(**Before I begin, I want to wish my boy a Happy Birthday! He’s 12 today.**)
This morning, I spun easy for an hour on the trainer. I kept it easy, trying to loosen up the legs for tomorrow’s long climbing intervals.
Yesterday, I read an article in VeloNews summarizing training methods, technique, etc. discussed at the “Serotta Science of Cycling Symposium.”
Here is one of the summaries from the article.
“Martin (Jim Martin, Ph.D. of the University of Utah) skewered sacred cows about crank length, pedaling technique and rider positioning. We were forewarned, though, as he said at the outset that many of us would find his conclusions “irritating.”
His studies of 16 bike racers of various heights doing maximal sprint power tests of under four seconds duration on cranks of 120, 145, 170, 195, and 220mm showed no statistical difference between crank lengths. Seat height to the pedal was maintained throughout, but fore-aft saddle position and handlebar height were not readjusted with crank length changes, despite variations with crank length of pedal-to-knee relationship and saddle-to-bar drop. This also led to Martin’s assertion that he could see no point to positioning the knee over the pedal spindle.
Further Martin tests showed no statistical relationship between metabolic cost and either pedaling rate (RPM) or crank length, using nine trained cyclists riding 145, 170 and 195mm cranks who pedaled at 30-, 60-, and 90 percent of their lactate threshold at 40, 60, 80 and 100 RPM. On the contrary, power output and pedal speed (pedaling rate times crank length), accounted for over 98 percent of the variation in metabolic cost.
In another test, Martin had 10 racers perform a 30-second maximal sprint on 120mm and 220mm cranks at 135RPM for the 120mm and 109RPM for the 220mm. he found that, while the rate of fatigue was less for longer cranks, the fatigue per revolution was identical. This led him to suggest that track sprinters, rather than spinning at high RPM, should select the gear at or just below the one at which they produce maximum power output. The higher gear, as fatigue per revolution would be constant, would get the rider to the finish sooner, as fatigue would take more time to set in. …”
With that article in mind, I was curious about my spin cadence with a 175 mm crank.
Now this this is just an observation… I don’t know what it means or if it means anything, but I found it extremely interesting.

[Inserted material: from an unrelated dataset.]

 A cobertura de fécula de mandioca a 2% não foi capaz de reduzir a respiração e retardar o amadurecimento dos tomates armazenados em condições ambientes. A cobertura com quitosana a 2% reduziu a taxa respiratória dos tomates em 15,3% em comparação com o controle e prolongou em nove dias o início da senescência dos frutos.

I checked my cadence while spinning the small ring comfortably. It was 102 RPM. I checked again a few minutes later in the same gear — 102 RPM. I found it curious that my RPM stayed so consistent, so over the next hour I kept checking.
No matter what gear I spun, the cadence remained at 102 RPM. I guess that’s the cadence my body likes to spin.

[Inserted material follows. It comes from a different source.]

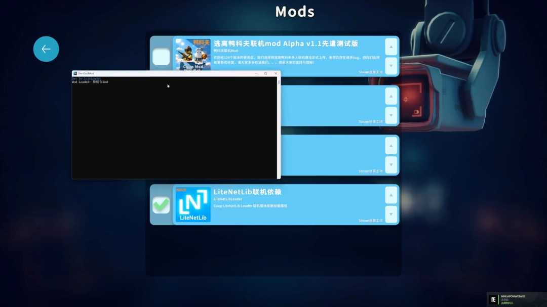 从下往上依次激活mods,两个前置mods,一个控制台mod,和联机mod。

But I was curious what would happen if I simulated a climb. So, I changed the resistance and got into an easy climbing rhythm. I came up with 84 RPM. I checked again — still 84 RPM. I switched between easy and climbing a number of times, and I kept coming up with 102 RPM and 84 RPM.
Interesting – and a bit weird. I’ll have to do some research to figure out what this means. If anything.